### WORK ITEM
Return only the lines from the top of the data down to the one that holds "This bingo card", both included, without any pictures.
··· SUPPLIED INFORMATION
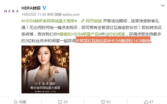 HERA赫妍十分看重147号的宣传,可以算是有“预谋”地在推动营销。在今年10月《蓝色大海的传说》播出前,HERA赫妍就为147号做了一些宣传铺垫,当时的口径是“全智贤红毯指定款”。
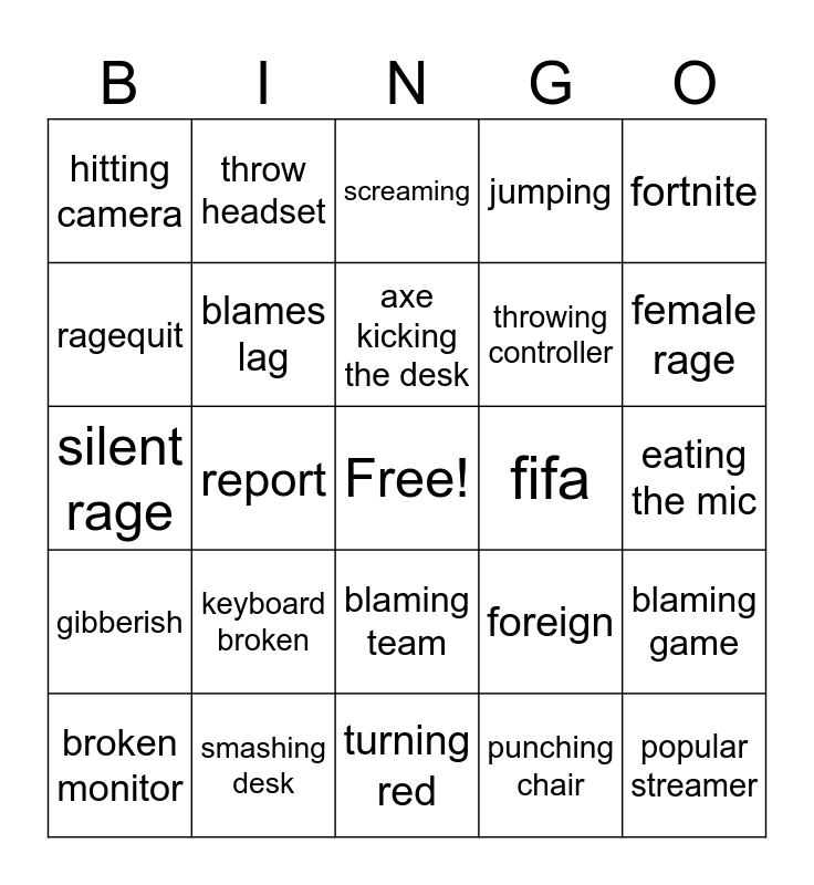 This bingo card has a free space and 24 words: keyboard broken, smashing desk, axe kicking the desk, broken monitor, fortnite, hitting camera, ragequit, throw headset, fifa, blaming team, throwing controller, silent rage, foreign, blaming game, blames lag, punching chair, eating the mic, screaming, female rage, report, popular streamer, gibberish, jumping and turning red.
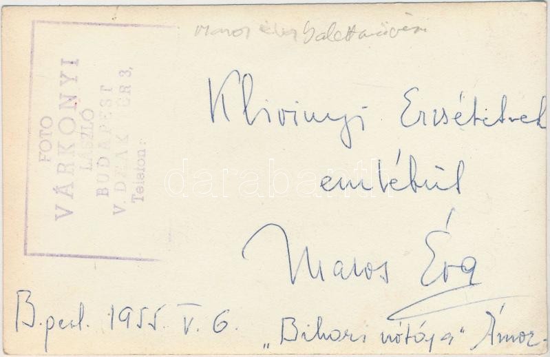 Leírás: 1955 Maros Éva balett táncos aláírása az őt ábrázoló fotó hátoldalán, Várkonyi László Fotó Budapest, sarkán törésvonallal, 14x9 cm
······
### ANSWER TO THIS PROBLEM
 HERA赫妍十分看重147号的宣传,可以算是有“预谋”地在推动营销。在今年10月《蓝色大海的传说》播出前,HERA赫妍就为147号做了一些宣传铺垫,当时的口径是“全智贤红毯指定款”。
 This bingo card has a free space and 24 words: keyboard broken, smashing desk, axe kicking the desk, broken monitor, fortnite, hitting camera, ragequit, throw headset, fifa, blaming team, throwing controller, silent rage, foreign, blaming game, blames lag, punching chair, eating the mic, screaming, female rage, report, popular streamer, gibberish, jumping and turning red.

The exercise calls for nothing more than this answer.